Change-Id: Ic3b79beb635afe03642fce9473bc481239166566
Signed-off-by: Mohammad Hasan Keramat J <ikeramat@protonmail.com>
---
res/values/strings.xml | 5 ++
res/xml/vpn_app_management.xml | 6 +++
.../settings/vpn2/AppManagementFragment.java | 48 ++++++++++++++++++-
3 files changed, 58 insertions(+), 1 deletion(-)

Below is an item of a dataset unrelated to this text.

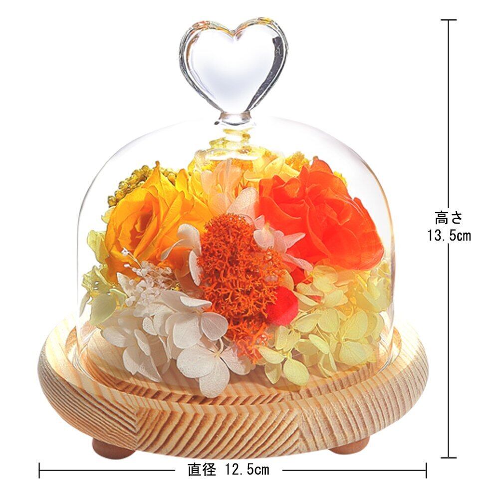 ティートサイト プリザーブドフラワー フラワーアレンジ ラッピング済み ハートガラスポット 3輪 (バラ オレンジ )

diff --git a/res/values/strings.xml b/res/values/strings.xml
index 28b35b3fcf..29ca3882e9 100644
--- a/res/values/strings.xml
+++ b/res/values/strings.xml
@@ -14457,4 +14457,9 @@
<!-- [CHAR LIMIT=NONE] Hint for QR code process failure -->
<string name="bt_le_audio_qr_code_is_not_valid_format">QR code isn\u0027t a valid format</string>
+ <!-- VPN app management screen, global VPN -->
+ <string name="global_vpn_title">Global VPN</string>
+ <string name="global_vpn_summary">Force all traffic on the device through this VPN, including work profile and other users.</string>
+ <string name="global_vpn_summary_on">Force all traffic on the device through this VPN, including work profile and other users. Note: When enabled, you will not be able to use a separate VPN in a work profile or other users</string>
+ <string name="global_vpn_summary_any_vpn_active">You need to disable all active VPN connections first to enable this</string>
</resources>
diff --git a/res/xml/vpn_app_management.xml b/res/xml/vpn_app_management.xml
index adc441d846..e00f23ccfa 100644
--- a/res/xml/vpn_app_management.xml
+++ b/res/xml/vpn_app_management.xml
@@ -31,6 +31,12 @@
android:selectable="false"/>
-->
+ <SwitchPreference
+ android:key="global_vpn"
+ android:title="@string/global_vpn_title"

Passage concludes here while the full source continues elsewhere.